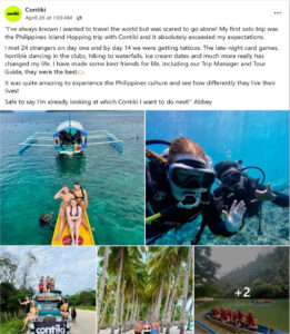 My last example illustrates best practice social media posting strategies using user-generated content. Contiki was a stand out because of its consistent use of this practice, appealing to its Millennials and Gen Z demographic. UGC creates value via first-hand travel experiences that align with their brand narrative of ‘shared adventure’ and ‘travel together’. It gave Contiki the edge over Lonely Planet and Nomadic Matt because user-generated content feels honest and builds trust. Their strategy uses all 3 three UGC forms e.g. written, visual and audio, that improves conversion rates and increases return traffic. They have a regular posting schedule, incorporate CTA’s that drives organic traffic, use questions to prompt conversation and hashtags to amplify reach – all combining to enhance rapport.
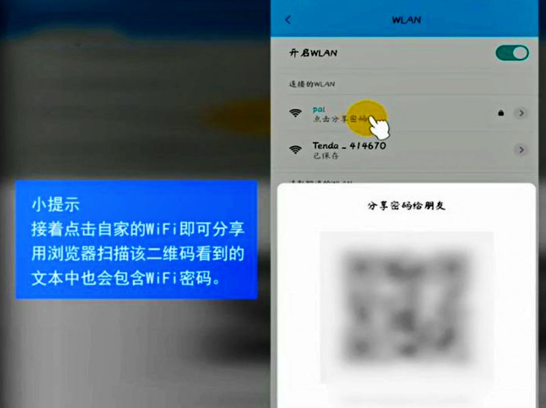 2、点击家里的WiFi进行分享,然后我们再用手机自带的扫描工具识别扫描该二维码,这样就可以看到WiFi密码信息了。
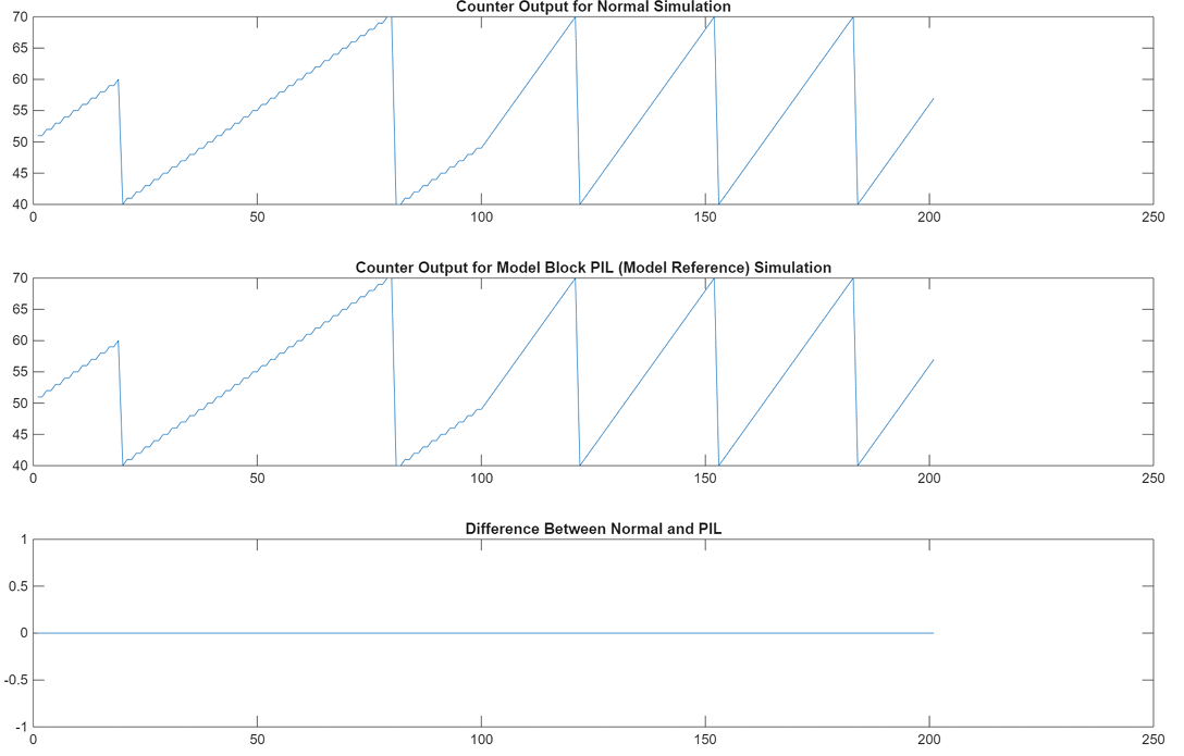 PIL mode: yout2 = out2.logsOut; yout2_pil = yout2.get('counterOut').Values.Data; xout2 = out2.xout; xout2_pil = xout2{1}.Values.Data; Normal Mode: set_param([model '/Counter'],"SimulationMode","Normal"); out2 = sim(model,20); yout2 = out2.logsOut; yout2_normal = yout2.get('counterOut').Values.Data; xout2 = out2.xout; xout2_normal = xout2{1}.Values.Data; fig3 = figure; subplot(3,1,1), plot(yout2_normal), title('Counter Output for Normal Simulation') subplot(3,1,2), ... plot(yout2_pil), title('Counter Output for Model Block PIL (Model Reference) Simulation') subplot(3,1,3), plot(yout2_normal-yout2_pil), ... title('Difference Between Normal and PIL'); fig4 = figure; subplot(3,1,1), plot(xout2_pil), title('State Logging for Normal Simulation') subplot(3,1,2), ... plot(xout2_normal), title('State Logging for Model Block PIL (Model Reference) Simulation') subplot(3,1,3), plot(xout2_normal-xout2_pil), ... title('Difference Between Normal and PIL');
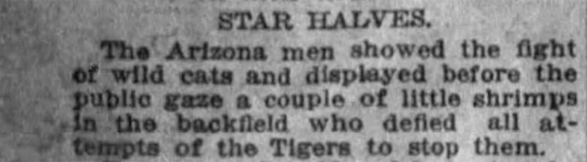 "Confident of rolling up a big score, the Tigers took the field with grins on their faces, but before the game was ten seconds old they knew they had a battle on their hands," Henry wrote. The headline of the story was "Tigers Take A Hard Game" and one of the subheadlines was "Arizona Puts up Unexpected Struggle."
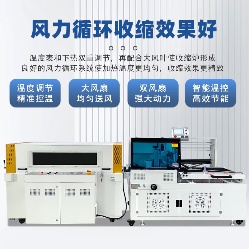 利用薄膜輸送系統(tǒng)將包裝薄膜圍繞產(chǎn)品,然后通過邊封裝置對薄膜的側(cè)邊進(jìn)行密封,形成一個包裹產(chǎn)品的袋子。之后,產(chǎn)品被輸送到熱收縮通道,熱空氣使薄膜收縮并緊緊貼合在產(chǎn)品表面,完成包裝。
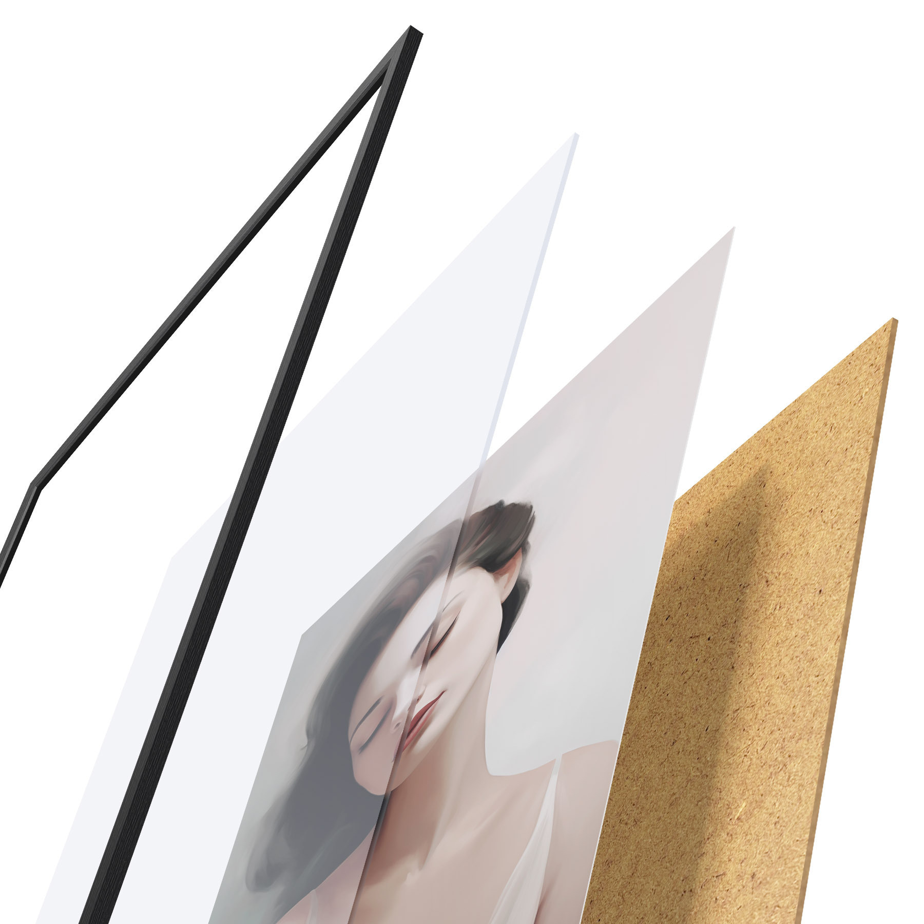Il poster è composto da cornice, plexiglass, immagine stampata e supporto in truciolato. Il poster può essere immediatamente appeso alla parete grazie ai supporti sul retro.
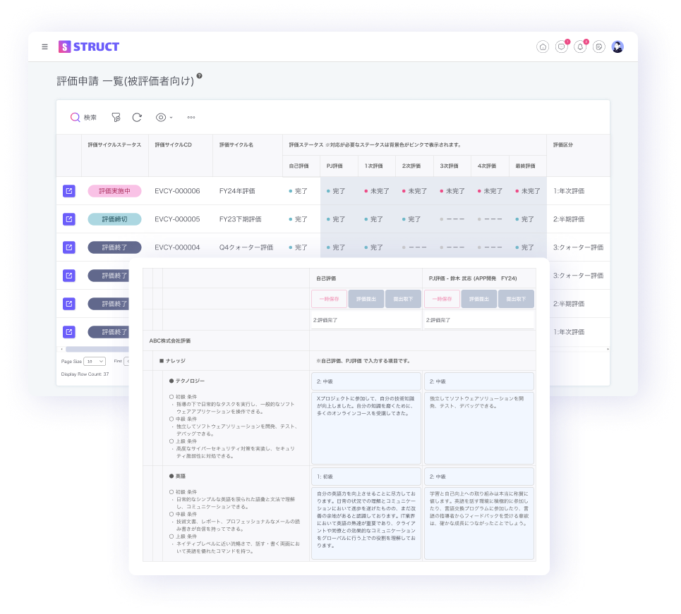 STRUCTでは、各評価プロセスのステイタスが完了・未完了で表示されるため、対象スタッフの評価漏れを防ぐことができます。
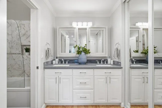 Outstanding location 2 blocks from California Ave for shopping, dining, farmers’ market; Caltrain, Stanford Marguerite shuttle stop, Peers Park, Stanford Univ and Palo Alto High. One of very few units in the secured complex with updated mini-split HVAC units for both heating & cooling (A/C). Fully remodeled, this condo features 2 primary suites (2 beds & 2 remodeled en-suite baths), offering flexible floorplan for guests, roommates, multiple tenants. Formal foyer, large living room with fireplace, spacious formal dining area. Refinished hardwood floors, crown moldings, recessed lights throughout. Remodeled kitchen with refinished cabinets, new fixtures, stainless steel appliances including brand new stove. Wide sliding glass doors from the main living areas open to large outdoor room with parquet wood decking and screened windows with garden views and the grand primary suite has private patio. Inside laundry with Bosch washer & dryer. Huge storage closet by the front door in the hallway. Gated parking: one assigned space + plentiful guest/open parking; street parking permits available for purchase from the city of Palo Alto. HOA fee includes water, garbage, earthquake insurance; pool/spa, lounge. Top Palo Alto schools: Escondido Elementary; Greene Middle; Palo Alto High.
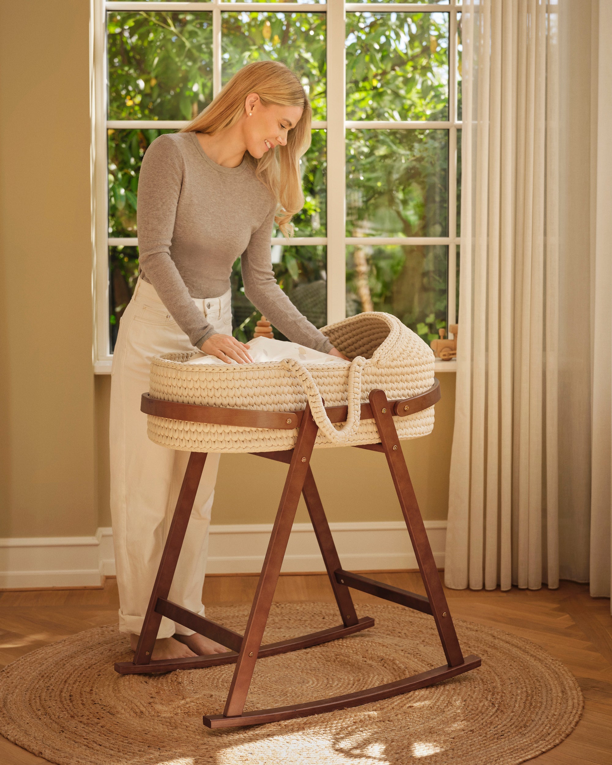 Kombinera den med vårt stativ för en komplett lösning och den ultimata sovplatsen för din baby. När barnet växer ur korgen är den enkel att förvara och kan få nytt liv på många fina olika sätt. Tillverkad med omsorg och skickligt hantverk är den skapad för att vara säker, hållbar och en kär del av din föräldraresa.
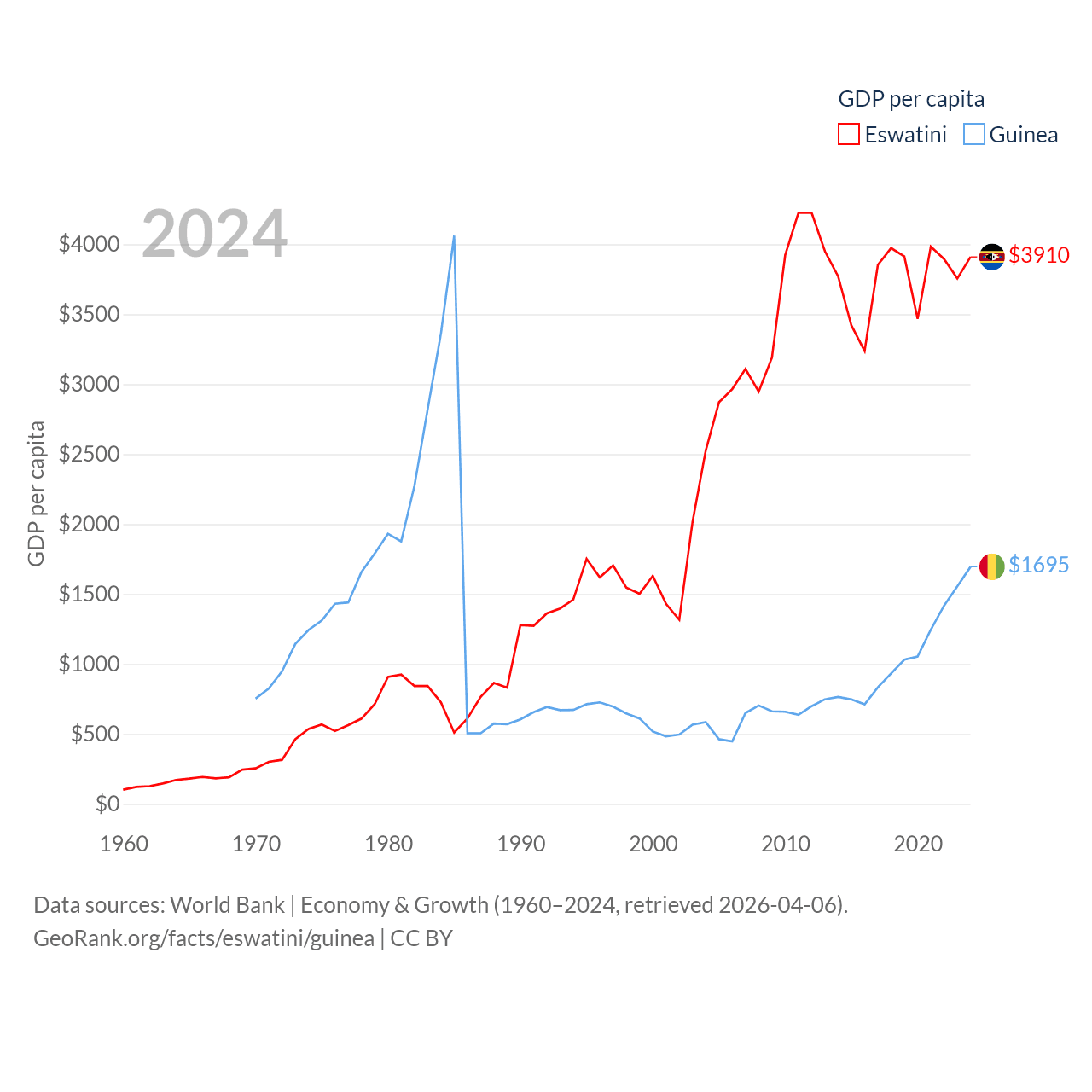 By GDP, Eswatini ranks 162/197 ($4.86B) and Guinea ranks 118/197 ($25B). By GDP per capita, Eswatini ranks 131/197 ($3,910), while Guinea ranks 160/197 ($1,695).
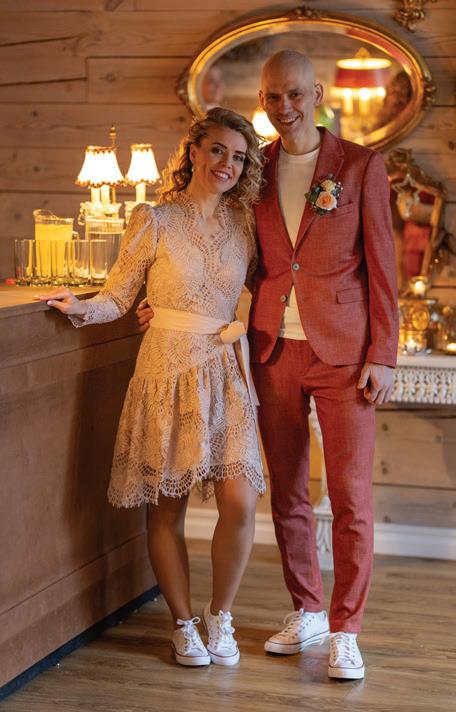 Savukārt Toms kā svētlaimīgu atceras brīdi pēc oficiālās ceremonijas Dagdas dzimtsarakstu nodaļā. Toms: – Ar laivām visi nokļuvām atpakaļ uz salas, novilkām glaunās drēbes un lecām peldēties. Vēlāk ar sastiķētām laivām, dreifējot pa ezeru, pļāpājām, smējāmies, emociju pārpildīti, un tam visam pa virsu uzdzērām vietējo latgaļu šmakovku. Jā, tik vienkārši! ››
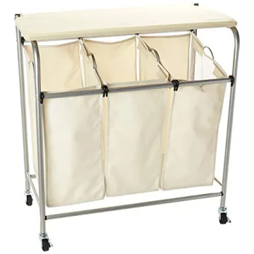 Show moreThe Honey-Can-Do Rolling Laundry Sorter with Ironing Board is the ultimate solution for simplifying your laundry routine while enhancing your home's functionality. Crafted with durable fabric and sturdy metal construction, this versatile organizer features three spacious bins to effortlessly categorize lights, darks, and delicates. What truly sets this laundry sorter apart is the integrated ironing board, which lifts easily from the top, providing a flat surface for ironing or folding clothes without the hassle of relocating your items. Compact yet robust, it fits snugly into tight spaces, ensuring that it becomes essential for any laundry area.
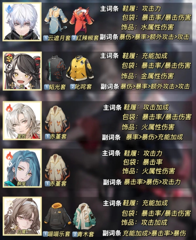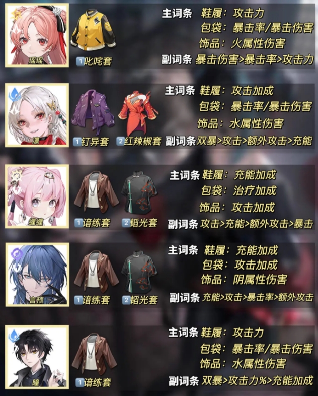 本次为大家带来的是归龙潮中全角色的潮品选择及词条推荐,基本每个角色都会推荐两套潮品,部分角色只有一个最佳潮品套装。
========
### Task requirements
Print exactly the lines above that run from the one with "of rolling up" down to the one with "利用薄膜輸送系統(tǒng)", and omit the pictures.

### Solution to this exercise
 "Confident of rolling up a big score, the Tigers took the field with grins on their faces, but before the game was ten seconds old they knew they had a battle on their hands," Henry wrote. The headline of the story was "Tigers Take A Hard Game" and one of the subheadlines was "Arizona Puts up Unexpected Struggle."
 利用薄膜輸送系統(tǒng)將包裝薄膜圍繞產(chǎn)品,然后通過邊封裝置對薄膜的側(cè)邊進(jìn)行密封,形成一個包裹產(chǎn)品的袋子。之后,產(chǎn)品被輸送到熱收縮通道,熱空氣使薄膜收縮并緊緊貼合在產(chǎn)品表面,完成包裝。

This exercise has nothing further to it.